First of all, what's the threshold voltage difference between the input and output voltage for the device to enter 100% mode where the low-side switch is off? I see section 8.4.3 mentioning the minimum Vin, but what would be the max before going into PSM mode? Would load current matter here and if so what would it be with the load at 15uA?

Secondly, just want to confirm the quiescent current at 100% duty cycle mode.  The electrical characteristics table on page 5 in section 7.5 mentions that Iq typ is 4uA and max is 10uA.  This would be the same at all loads while the device is operating in 100% duty cycle right? I see graphs such as Figure 8 showing a curve with the efficiency lower at lighter loads (black line), is that just because of the ratio of the quiescent current and load current?

Thanks for the help and best regards,

Jerry

  • Hello Jerry,

    It's my pleasure to help you.

    To find the Vi-Vout value for 100% mode operation, just bring the Vout term to the right member of equation (3) at section 8.4.3 of the DS. You'll find it depends on the load current and is: Iout+(RDS_on + DCR_L ).

    The Vin(min) value specified in the same section is the value below which you won't have anymore Vout regulation because of the 100% mode. To exit 100% mode, the error amplifier must detect the Vout change due to Vin rise, and turn on the low side. This value is subject to many internal variables and external as well, and can't be predicted on a static base. Since the error amplifier and the compensation network are involved, this value depends also on the dinamics of Vin and the whole system.

    "Would load current matter here and if so what would it be with the load at 15uA?" I am sorry, I don't get the question.

    The quiescent current does not depend on the desired load current, but on the mode of operation, so if one stays in 100% mode, the Iq will stay the same independently from the load.
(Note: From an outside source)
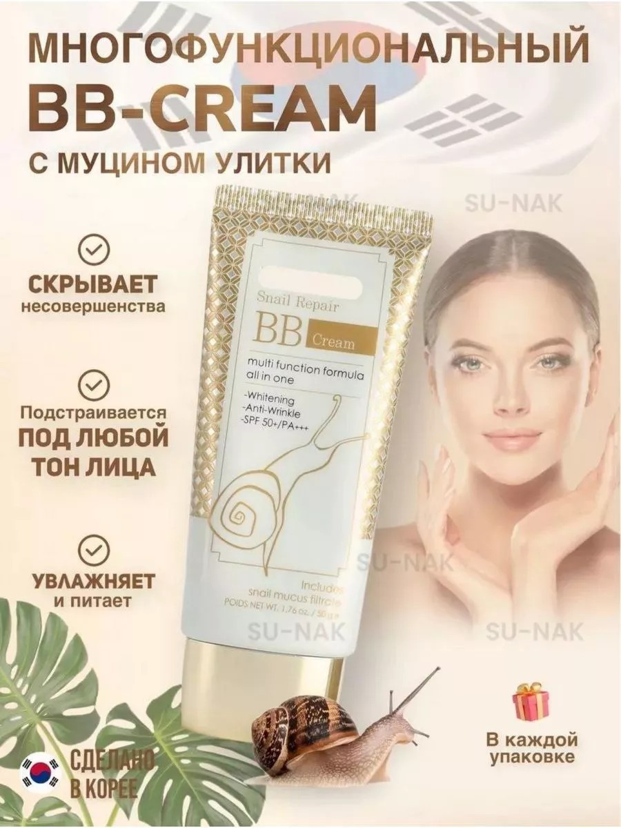 Snail Repair BB Cream with snail mucin provides comprehensive skin care. It moisturizes, softens, and protects against environmental aggressors, evens out skin tone and conceals imperfections. Contains snail mucin, one of the most popular ingredients in Korean cosmetics. It offers numerous beneficial properties, including hydration, nourishment, rejuvenation, brightening, and evens out skin tone. Snail mucin also has antibacterial properties and helps fight inflammation and acne. Additionally, this mattifying, light-toned BB cream contains a complex of plant extracts that strengthen, improve elasticity, and prevent the appearance of wrinkles. Magnolia extract moisturizes and promotes regeneration, honeysuckle extract has antioxidant properties, dogwood extract improves color and evens skin tone, and plantain extract soothes and softens. Adenosine is an effective anti-wrinkle ingredient that helps smooth wrinkles and prevent new ones. It also has anti-aging properties and restores elasticity. This professional foundation has a light, silky texture that spreads easily and absorbs quickly. It doesn't leave a greasy or sticky feeling and doesn't clog pores. Suitable for all skin types, including oily and problematic skin. This professional Korean foundation is an excellent choice for those seeking a comprehensive skincare product and wanting an even tone and healthy complexion. Directions: Apply the desired amount and distribute evenly using a special sponge, brush, or your fingertips. For a more even coverage, wait a few minutes for it to absorb. Then, continue applying makeup.

    At light load, the Power consumed by the constant Iq drawn by Vin weights more in the efficiency calculation, hence the drop of efficiency, so yes it depends on the Iq/Iload ratio.
  • Hi Emmanuel,

    Thanks for the help.  I have a follow up question after looking a bit closer in Figure 8 of the datasheet:

    Looking at the point where the 3.3V line (100% mode) crosses 1mA on the x axis, the efficiency is 80%. Losses from resistance are going to be very small at 1mA, so I would imagine a rough estimate would be to assume most of the losses are based on quiescent current. If the Iq is 10uA max like the datasheet says, the efficiency should be around 99%, not 80%. 80% efficiency implies there's a current of ~200uA. What are other factors causing of the drop in efficiency?

    Thanks for the help and best,

    Jerry

  • Hello Jerry,

    The value quiescent current you have to consider in this case is not the 10uA you find in the datasheet, because the conditions are not same. The 10uA are referred to a non switching situation, which means both high side and low side fets are turned off. This situation, combined with the Iload=0 condition, basically refers to PSM operation.

    In 100% mode the high side is constantly on, so the quiescent current has a quota related to the current needed to refresh the gate of the high side and keeping it in on-state with a certain Rds_on. Hence the lower efficiency you have noticed is explained.